At 9:46 I'm pretty sure that the duration was actually 75.4 seconds as can be seen at the top, or 76.18 seconds (aka 1 minute 16.18 seconds) as measured by time command. The 0.47s user means that only half a second was spent in userland or something like that. And we can see that it takes 266 MB in size. And at 11:20 we can see that the one-layer build took 71.8 seconds as measured by docker or 72.38 seconds as measured by time. So 3-4 seconds faster, which is not much, but it's still a gain. The multi-layer docker build also didn't had THAT many instructions to begin with. If you have a 30 instruction builds (I've seen them) I think it should help more. The size of the single-layer build can also be seen that is at 262 MB, which is only 4 MB lower than the multi-layer one. To be frank, I kind of don't understand why multiple layers would need more space (except some minimal space needed for the layers and its metadata, which should be negligible).

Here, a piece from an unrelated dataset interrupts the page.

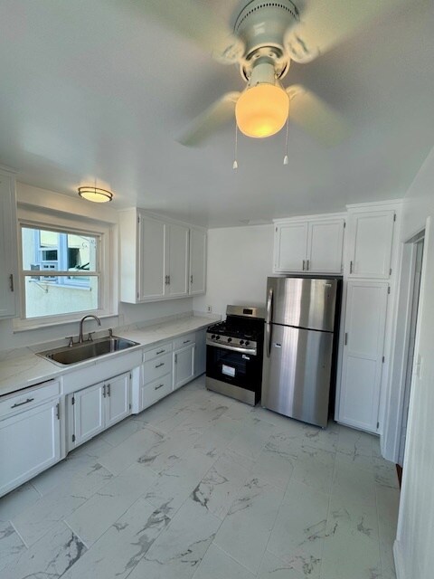 Beautiful duplex that has been totally renovated. Freshly painted with new appliances, quartz countertops, hardwood floors in living room and bedrooms, new tile in the kitchen and bathroom. Washer and Dryer hookup in unit. Parking available on the driveway and shared two car garage for storage. Nice front yard in a quiet and safe neighborhood. First month rent and deposit due at signing. Tenant pays for gas, electricity and trash. Tenant may use 1/2 of a two-car garage. Parking is on driveway in front of the garage or on the street. Owner pays for water and the gardener.

However, if I'm not mistaken, having less / fewer layers has other benefits, like faster i/o in general for the docker build, since something like a find command run inside the container should not check multiple layers, aka multiple file systems. So while the build time and space might not be much better from the single-layer build, it should run faster/better, and should be enough of a reason to do it. The scratch idea is pretty neat, totally didn't thought about that one. Good mention that you don't have bash and probably not even things like cd, ls and so on. For something like php which is the main thing I use, I'm not sure how easy to do would be and especially how useful. I also I'm not so sure what is the difference between simply running that executable directly on the host. Also, it might've been nice to show the contents of the images in the different scenarios. But it's a very nice video, decently detailed and very on point. Keep it up!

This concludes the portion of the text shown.